Food Price Inflation Slows

Food inflation slowed down to 1.2 per cent in June, from 1.4 per cent in both June and May, reports the British Retail Consortium (BRC)

This is the third highest food inflation figure since January 2014, when it stood 1.1 per cent.

Fresh food inflation slowed down to 1 per cent in July, from the 1.4 per cent in June. Ambient food inflation experienced a 1.6 per cent increase in July, up 1.5 per cent from June.

Helen Dickinson, chief executive of BRC said, "July saw lower food price inflation than in June, bringing the march of overall shop prices towards inflationary territory to a halt, for now at least.

"Lower food price inflation in July was, in part, the result of the easing of upward pressure from the currency depreciation on fresh food. Shorter stock cycles in fresh food mean that more of the impact of the currency depreciation fed through into inflation earlier in the year and hence it is now subsiding. However, the upward pressure on food inflation has not entirely disappeared. Ambient food prices are still affected and as seasonal pricing dynamics play out, we could see fresh food inflation pick up again.

"Notwithstanding pressures on shop prices, further increases in inflation in other areas of the consumer spending basket are likely in coming months. That will put UK households’ already squeezed finances under increasing strain. The Government should be doing all it can to avoid further, potentially significant, increases in the cost of living from a failure to reach a deal with the EU that ensures no new tariffs and secures a fair Brexit for UK consumers.”

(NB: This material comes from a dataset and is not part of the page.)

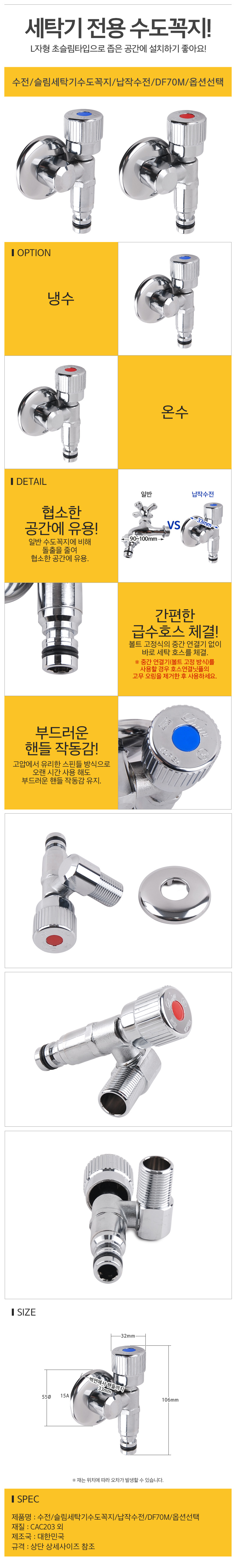 수전 슬림세탁기수도꼭지 납작수전 DF70M 옵션선택

Mike Watkins, head of retailer and business insight at Nielsen said, "The amount of inflationary pressure coming from retail remains less than from other elements of the economy and in the last few weeks, whilst we have seen a return to more normal weather, the level of consumer demand remains unpredictable. Which means retailers are cautious about passing on price increases, in particular at key retail price points. So promotional activity is still an important stimulant of demand as consumers become more cautious in the face of higher living costs.”